Carrion Doll said...

Hello Anna, another lurker here, I came through Gled. I read many blogs, I get a bit obsessive over it when I find someone new. I read for hours, pouring over the back story. I found you a few weeks ago but have not yet had the time to go back.
Who am I? I used to blog but I just can't seem to stick with it. I am a 34 year old mother of 3, I have fought depression, I have fought opiate addiction. I have had suicidal fantasies. I can relate to you. I am also a Nirvana fan, maybe not quite to the extent you are. Oh and I am also a cam whore, lol, well dominatrix but you know, some people can't get their shit straight.

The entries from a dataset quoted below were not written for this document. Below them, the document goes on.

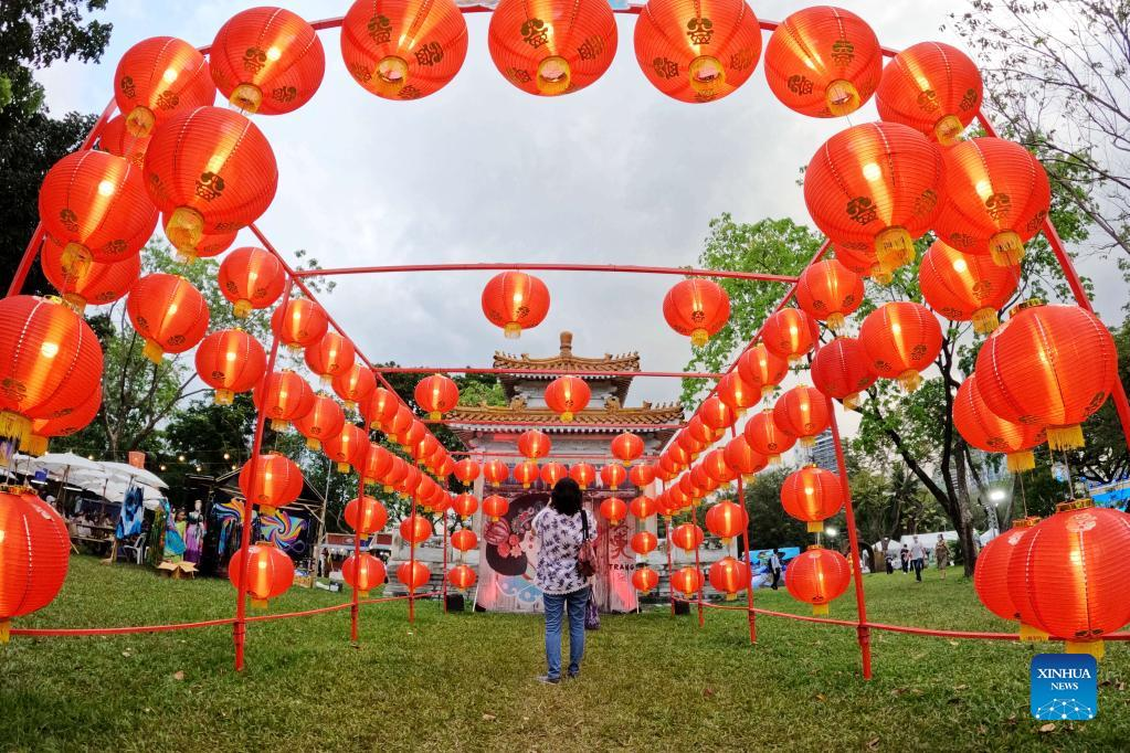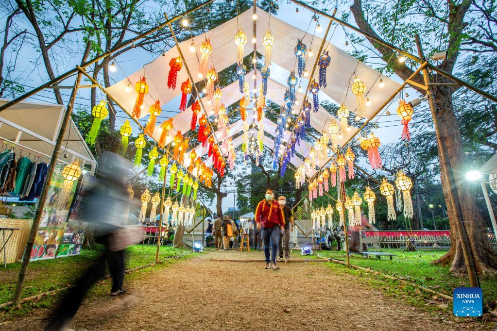 Tourists walk through a corridor decorated with lanterns during the 40th Thailand Tourism Festival at Lumpini Park in Bangkok, Thailand, Feb. 22, 2022. The Tourism Authority of Thailand (TAT) held the 40th Thailand Tourism Festival at Bangkok's Lumpini Park, showcasing famous landmarks, local customs, cultural heritage and local specialties from five regions of Thailand. (Xinhua/Wang Teng)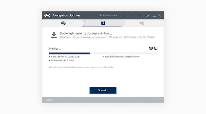 - Dikkat: Aracın akü gücünü kullanıyorsanız, güncellemeye devam etmeden önce akünün yeterli şarja sahip olduğundan emin olun.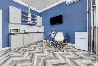 2. Кухонная зона: холодильник; электрическая плита; печь СВЧ; посуда; приборы; бокалы; электрический чайник; капсульная кофемашина (комплимент 10 капсул).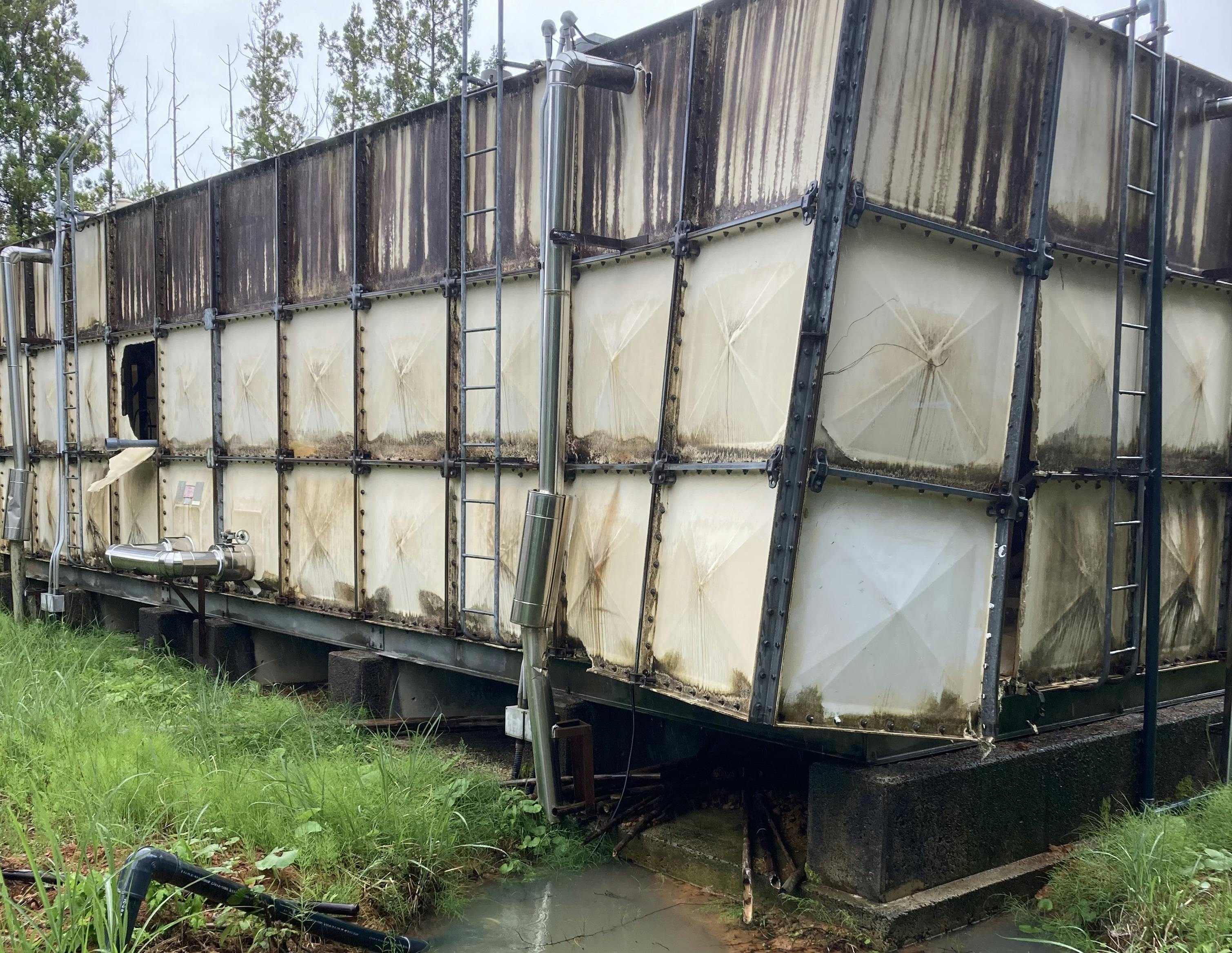 飲料水用と散水用の受水槽に亀裂が入り、断水状態。水が使えなければ芝生の維持管理ができません。その他、貯湯槽や受変電設備にも被害があり、営業再開の目途が全く立たない状況でした。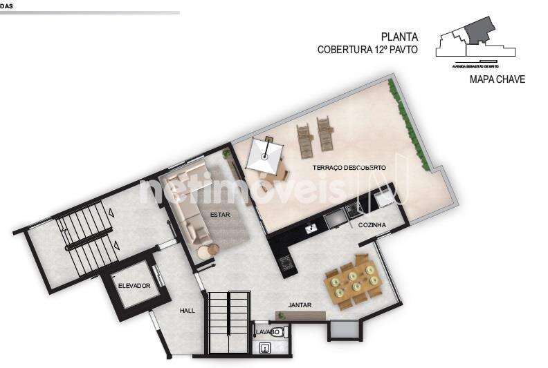 Apartamento Cobertura com 170m², com elevador chegando direto ao segundo pavimento da cobertura, com alto padrão de acabamento composto com: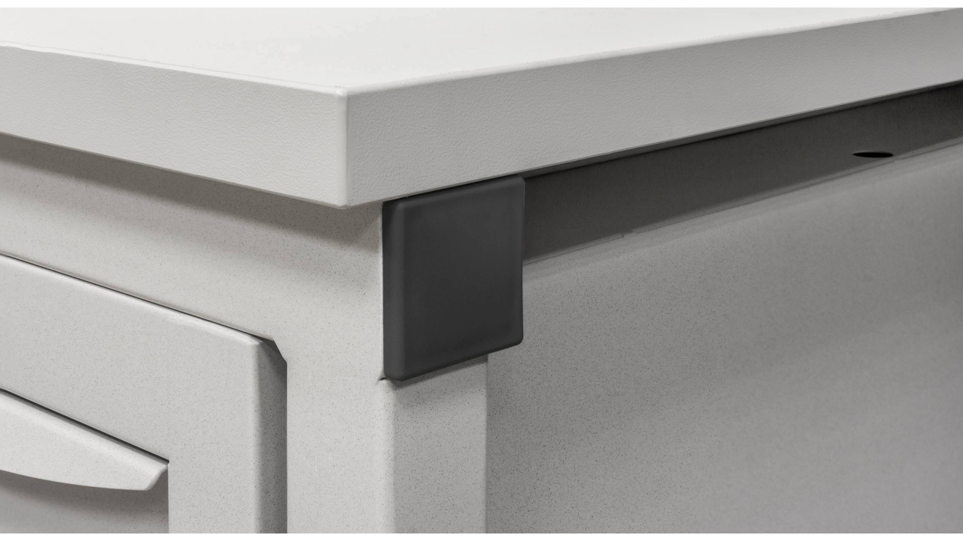Стол СМП МД представлен в двух вариантах в зависимости от условий эксплуатации. Металлический каркас усилен для устойчивости и снижения вибраций. Все металлические элементы проходят предварительную обработку перед покраской порошковой краской RAL-7035, что улучшает защиту от коррозии. Комплектация предусматривает подвесную тумбу МД, которая позволяет организовать пространство для хранения мелких деталей и инструментов.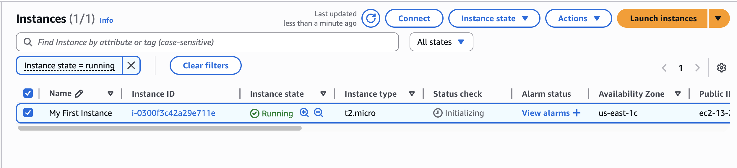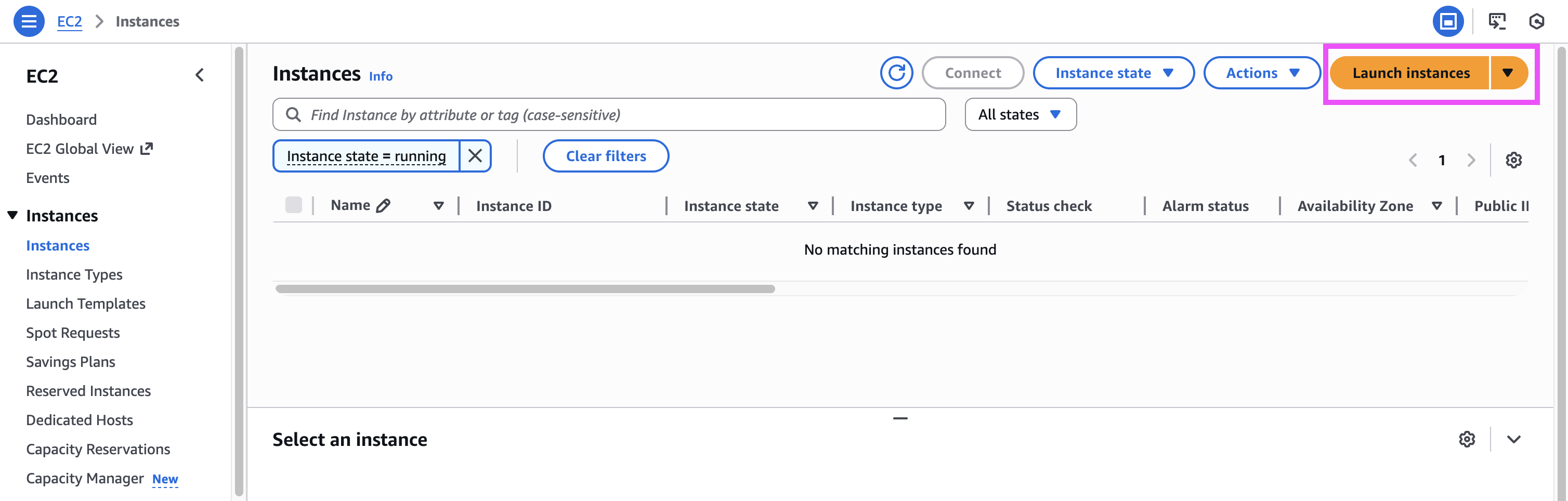 Launch instances 버튼을 클릭하고 대시보드를 보면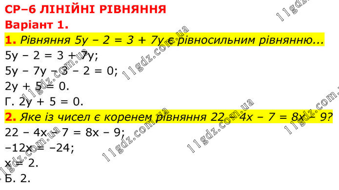 СР–6 ЛІНІЙНІ РІВНЯННЯ Варіант 1. 1. Рівняння 5у – 2 = 3 + 7у є рівносильним рівнянню... 5у – 2 = 3 + 7у; 5у – 7у – 3 – 2 = 0; 2у + 5 = 0. Г. 2у + 5 = 0. 2. Яке із чисел є коренем рівняння 22 – 4х – 7 = 8х – 9? 22 – 4х – 7 = 8х – 9; –12х = –24; х = 2. Б. 2.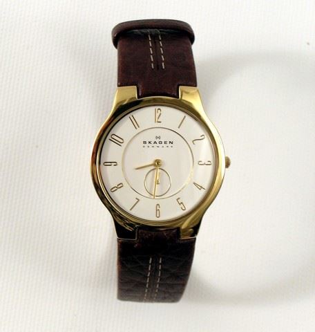 Sam (Kevin Kline) screen worn, white faced 'Skagen' wristwatch with leather band.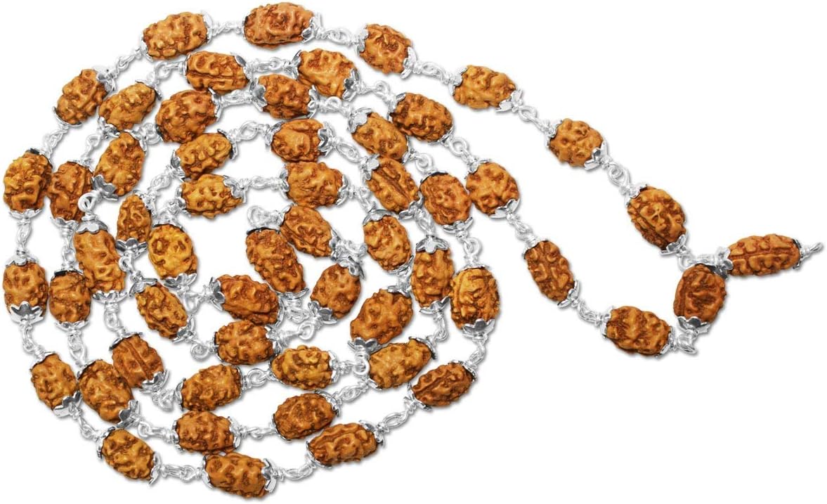 2 Mukhi Indonesian Rudraksha Mala 54 Beads in Silver (7mm-9mm) Lab Certified
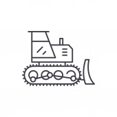 Przemysłowa maszyna ciągnika płaskiej linii ilustracja, wektor koncepcja na białym tle ikona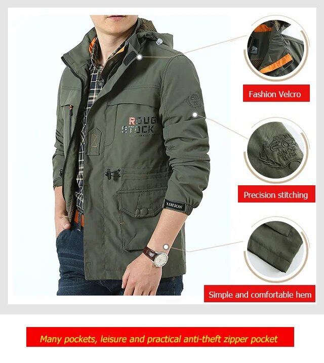 Fuguiniao Men's Bomber Jackets Casual Male Windbreaker Jacket 6XL Hooded Jacket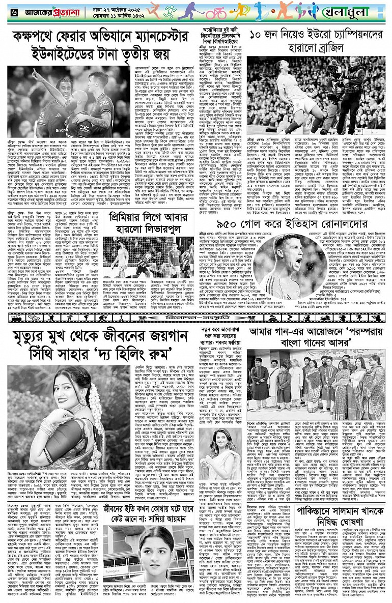 বর্ষ ৩৩ সংখ্যা ১৭৮ Page: 6 October 27, 2025 সোমবার ২৭ অক্টোবর ২০২৫ ঢাকা ১১ কার্তিক ১৪৩২ বঙ্গাব্দ ৪ জমাদিউল আউয়াল ১৪৪৭ রেজি.নং-ডিএ-১৩৯৯ Page 1Page 2Page 3Page 4Page 5Page 6Page 7Page 8 Thumbnails × বর্ষ ৩৩ সংখ্যা ১৭৮ পৃষ্ঠা-১।-প্রথম-পাতাপৃষ্ঠা-২।-দেশের-খবরপৃষ্ঠা-৩।-বিদেশের-খবরপৃষ্ঠা-৪।-উপ-সম্পাদকীয়-পৃষ্ঠা-৫।-বিজ্ঞান-ও-প্রযুক্তিপৃষ্ঠা-৬।-খেলাধুলাপৃষ্ঠা-৭।-খবরপৃষ্ঠা-৮।-শেষের-পাতা << First << 5 6 >> Last >> Hide পৃষ্ঠা-১।-প্রথম-পাতাপৃষ্ঠা-২।-দেশের-খবরপৃষ্ঠা-৩।-বিদেশের-খবরপৃষ্ঠা-৪।-উপ-সম্পাদকীয়-পৃষ্ঠা-৫।-বিজ্ঞান-ও-প্রযুক্তিপৃষ্ঠা-৬।-খেলাধুলাপৃষ্ঠা-৭।-খবরপৃষ্ঠা-৮।-শেষের-পাতা পৃষ্ঠা-৬।-খেলাধুলা

Just wanted to introduce myself to you for some reason. I don't usually do that. I just make little comments here and there. My god I've written you a book. Sorry and keep writing, you have a new avid reader.
Carrion Doll

AnnaGrace said...

Carrion Doll,

I am pleased that you found me and are actually taking time to read the back story. I didn't think anyone did that.
We really do have alot in common. I've read every comment you have left me, but you've left them all over my blog. So I found the first one you left and answered it so you knew I was reading and enjoying you long answers. I really do like the long comments btw. I wish you kept up a blog I would read it in a second. Props on being a mommy. I don't know how you women do it. I sometimes wish I had, had children, but I know I would have fucked the up beyond repair. I love kids though. They are fun to play with when you don't "own" them.
Gots to go. Nice meeting you.

Carrion Doll said...

Good, I am glad I am not bothering you then. Problem is, i can't always remember which ones I have left a comment on and might miss some comments back,lol. Except on the new ones, those I can remember to go back and look. I hit you up on thejunkyunderground also.